Applied Physics Seminar
Metasurface Computational Imaging
Abstract: Modern image sensors consist of systems of cascaded and bulky spherical optics for imaging with minimal aberrations. While these systems provide high quality images, the improved functionality comes at the cost of increased size and weight. One route to reduce a system's complexity is via computational imaging, in which much of the aberration correction and functionality of the optical hardware is shifted to post-processing in the software realm. Alternatively, a designer could miniaturize the optics by replacing them with diffractive optical elements, which mimic the functionality of refractive systems in a more compact form factor. Metasurfaces are an extreme example of such diffractive elements, in which quasiperiodic arrays of resonant subwavelength optical antennas impart spatially-varying changes on a wavefront. While separately both computational imaging and metasurfaces are promising avenues toward simplifying optical systems, a synergistic combination of these fields can further enhance system performance and facilitate advanced capabilities. In this talk, I will present a method to combine these two techniques to perform full-color imaging across the whole visible spectrum . I will also discuss the use of computational techniques to design new metasurfaces , and using metasurfaces to perform computation on wavefronts, with applications in optical information processing and sensing.
 S. Colburn, A. Zhan, and A. Majumdar, "Metasurface optics for full-color computational imaging," Science Advances, vol. 4, 2018.
 A. Zhan, T. K. Fryett, S. Colburn, and A. Majumdar, "Inverse design of optical elements based on arrays of dielectric spheres," Applied Optics, vol. 57, pp. 1437-1446, 2018/02/20 2018.

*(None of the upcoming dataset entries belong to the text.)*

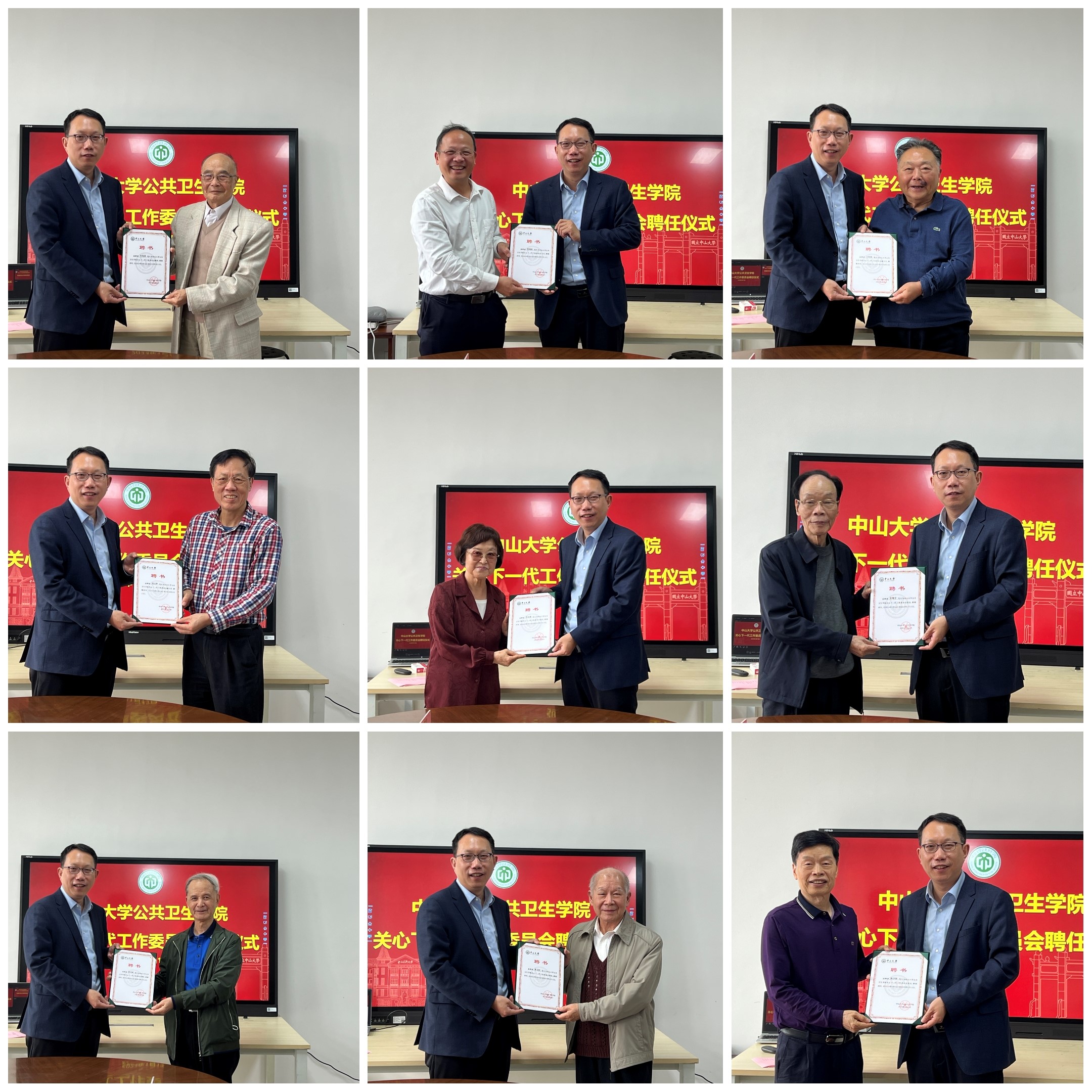 关心下一代工作委员会聘任仪式。全体党政班子和党委委员参加了仪式,仪式由党委书记范瑞泉主持。学院关工委设顾问1名,主任1名,副主任2名,委员6名。会上,范瑞泉书记宣读了委员会组成人员名单,夏敏院长为各位委员颁发聘任证书。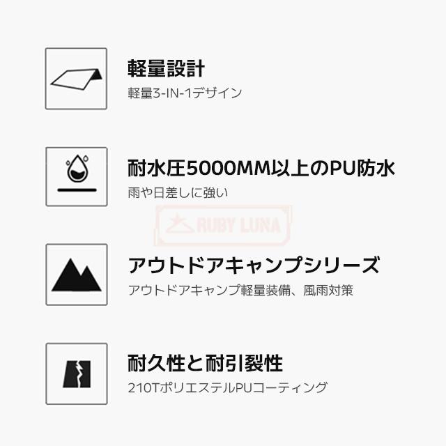 | 【幅広く適用】 | ◆通勤通学など日常使いだけでなく、キャンプ、釣り、登山、ハイキング、雨の日のイベント、野外フェス、スポーツ観戦、保育園や幼稚園の送迎などのアウトドアまで幅広くご使用いただけます。 |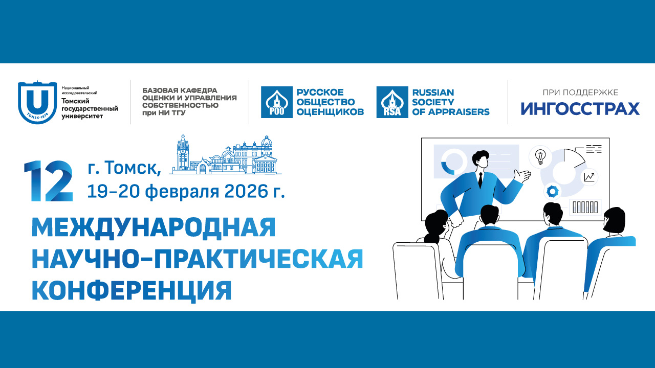 19-20 февраля Томское региональное сообщество Ассоциации «Русское общество оценщиков» проводит в Институте экономики и менеджмента ТГУ уже в 12-й раз Международную научно-практическую конференцию «Профессиональное образование и квалификация оценщика: современные требования и стандарты».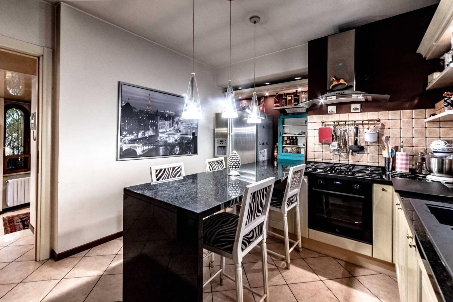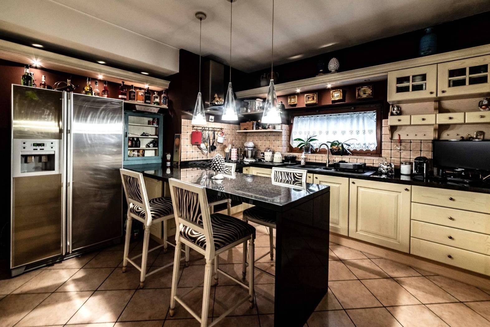 La cucina abitabile, spaziosa e ben organizzata, ha accesso diretto al portico, soluzione perfetta per pranzi e cene all’aperto.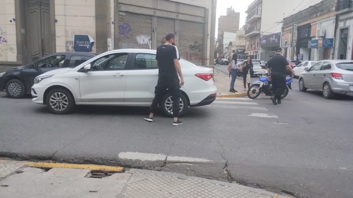 Hoy por la tarde chocaron un auto y una moto. Fue en el centro de la ciudad de Santa Fe, precisamente, en la esquina 25 de Mayo y Gobernador Crespo. Se trata de un Fiat Cronos, color blanco, y una moto Gilera Smash 110cc.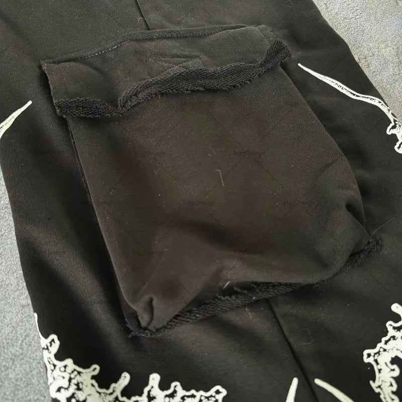 Gotikinės grunge kelnės su skeletų kaulų raštu darkwear Peržiūrėti parinktis

More about the Speaker: Prof. Arka Majumdar is an Assistant Professor in the departments of Electrical and Computer Engineering and Physics at the University of Washington, Seattle. He received his B. Tech. degree from the Indian Institute of Technology, Kharagpur in 2007, where he was honored with the President's Gold Medal. Majumdar completed his master's degree (2009) and Ph.D. (2012) in Electrical Engineering at Stanford University. He spent one year at the University of California, Berkeley (2012-13) and Intel Labs as a postdoc in Santa Clara, CA (2013-14). His research interests include developing a hybrid integrated nanophotonic platform using emerging material systems for applications in ultra-low power optical information science, imaging, and microscopy. Majumdar is the recipient of the Young Investigator Award from the Air Force Office of Scientific Research (2015), Intel early career faculty award (2015), Alfred P. Sloan research fellowship for physics (2018) and NSF CAREER Award (2019).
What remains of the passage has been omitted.